§ Data shown:
▬▬▬▬▬▬▬▬▬▬
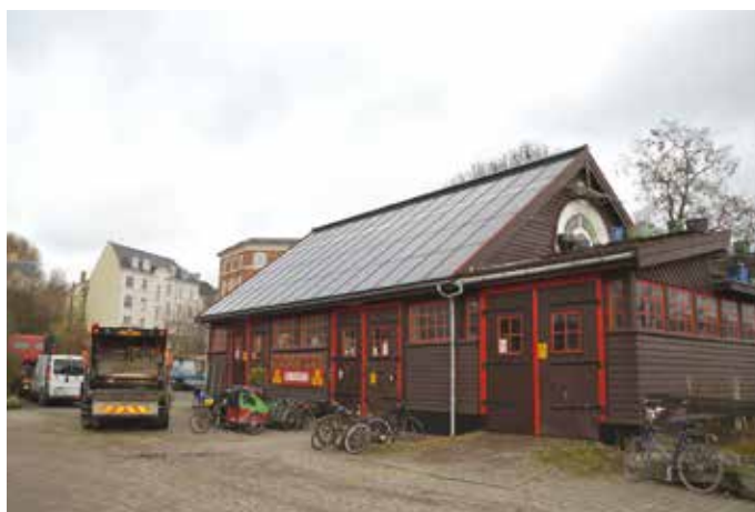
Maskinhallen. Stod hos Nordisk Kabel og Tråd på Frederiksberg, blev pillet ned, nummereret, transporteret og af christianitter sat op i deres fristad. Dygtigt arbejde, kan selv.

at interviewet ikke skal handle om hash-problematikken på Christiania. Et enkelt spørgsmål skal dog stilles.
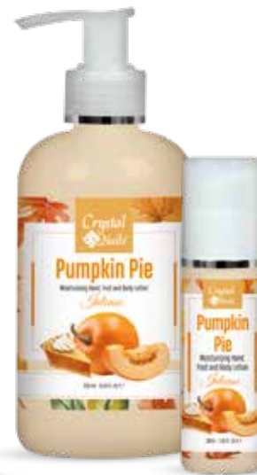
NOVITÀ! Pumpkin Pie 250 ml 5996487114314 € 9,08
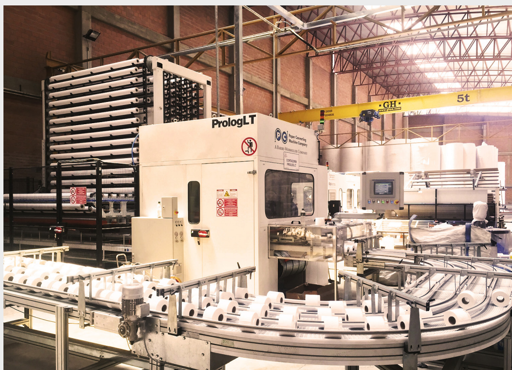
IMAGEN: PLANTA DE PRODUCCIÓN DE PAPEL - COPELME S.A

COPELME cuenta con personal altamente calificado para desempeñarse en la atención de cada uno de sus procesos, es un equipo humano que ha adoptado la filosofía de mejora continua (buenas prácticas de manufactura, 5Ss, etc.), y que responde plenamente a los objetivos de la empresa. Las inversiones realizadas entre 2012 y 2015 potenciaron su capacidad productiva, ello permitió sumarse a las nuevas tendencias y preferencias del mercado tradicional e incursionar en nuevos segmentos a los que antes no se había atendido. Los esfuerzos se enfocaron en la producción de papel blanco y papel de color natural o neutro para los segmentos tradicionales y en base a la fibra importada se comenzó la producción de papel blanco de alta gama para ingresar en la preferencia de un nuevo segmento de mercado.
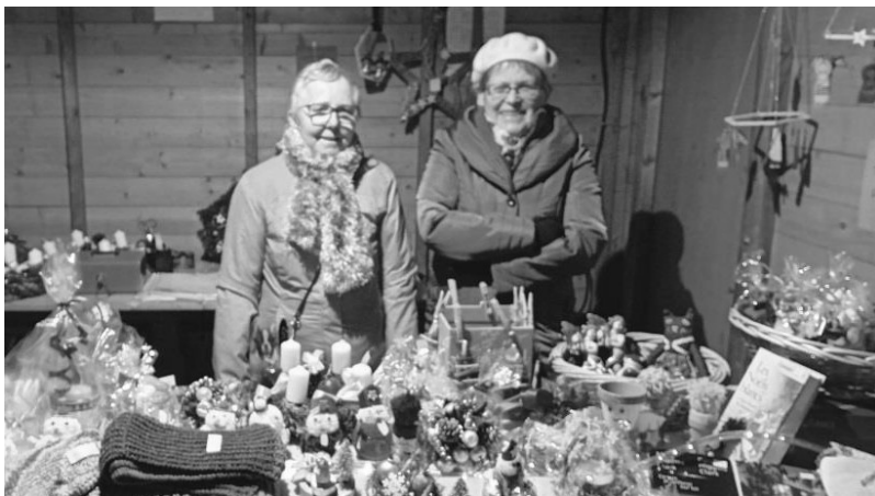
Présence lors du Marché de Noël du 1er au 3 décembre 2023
▬▬▬▬▬▬▬▬▬▬
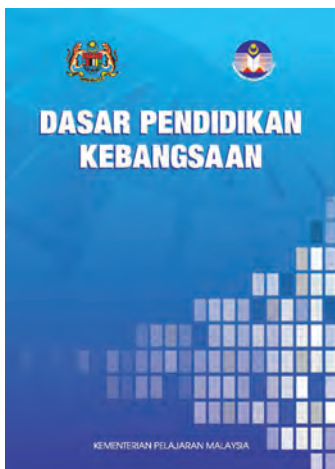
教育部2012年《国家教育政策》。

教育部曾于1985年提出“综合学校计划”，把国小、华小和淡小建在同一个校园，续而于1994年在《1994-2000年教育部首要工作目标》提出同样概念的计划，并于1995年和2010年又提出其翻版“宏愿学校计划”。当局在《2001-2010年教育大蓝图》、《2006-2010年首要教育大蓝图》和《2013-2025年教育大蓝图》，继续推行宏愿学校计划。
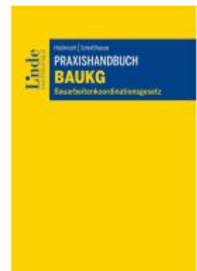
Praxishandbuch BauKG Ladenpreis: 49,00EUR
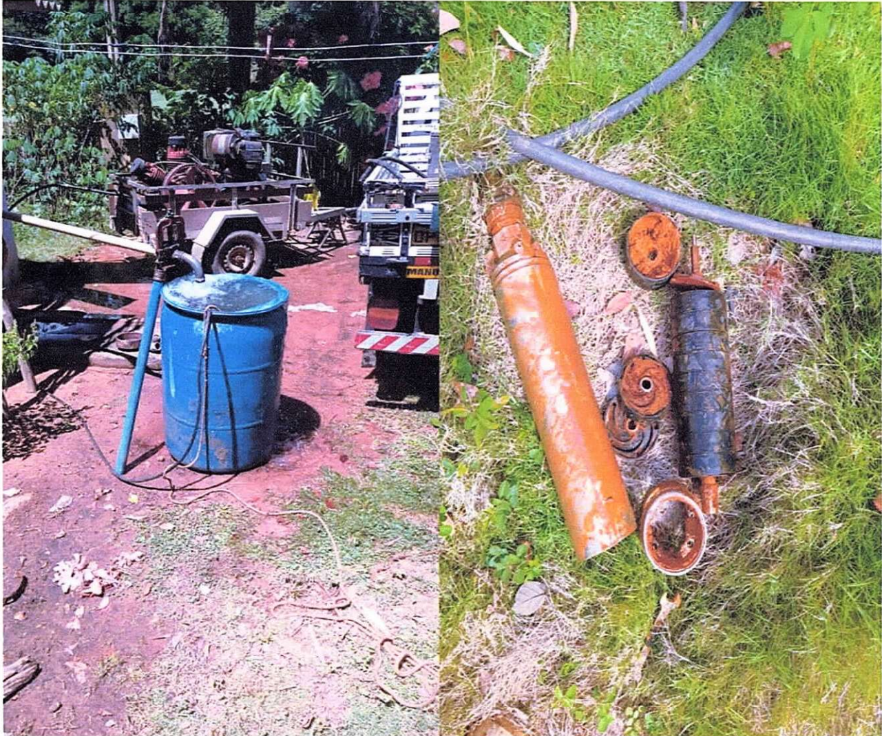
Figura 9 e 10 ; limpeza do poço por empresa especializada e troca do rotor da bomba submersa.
▬▬▬▬▬▬▬▬▬▬
§ To do: Look above and copy only the lines from the one holding "教育部2012年《国家教育政策》。" to the one holding "Figura 9 e 10", both included, exactly, minus the pictures.

§ Response:
教育部2012年《国家教育政策》。

教育部曾于1985年提出“综合学校计划”，把国小、华小和淡小建在同一个校园，续而于1994年在《1994-2000年教育部首要工作目标》提出同样概念的计划，并于1995年和2010年又提出其翻版“宏愿学校计划”。当局在《2001-2010年教育大蓝图》、《2006-2010年首要教育大蓝图》和《2013-2025年教育大蓝图》，继续推行宏愿学校计划。
Praxishandbuch BauKG Ladenpreis: 49,00EUR
Figura 9 e 10 ; limpeza do poço por empresa especializada e troca do rotor da bomba submersa.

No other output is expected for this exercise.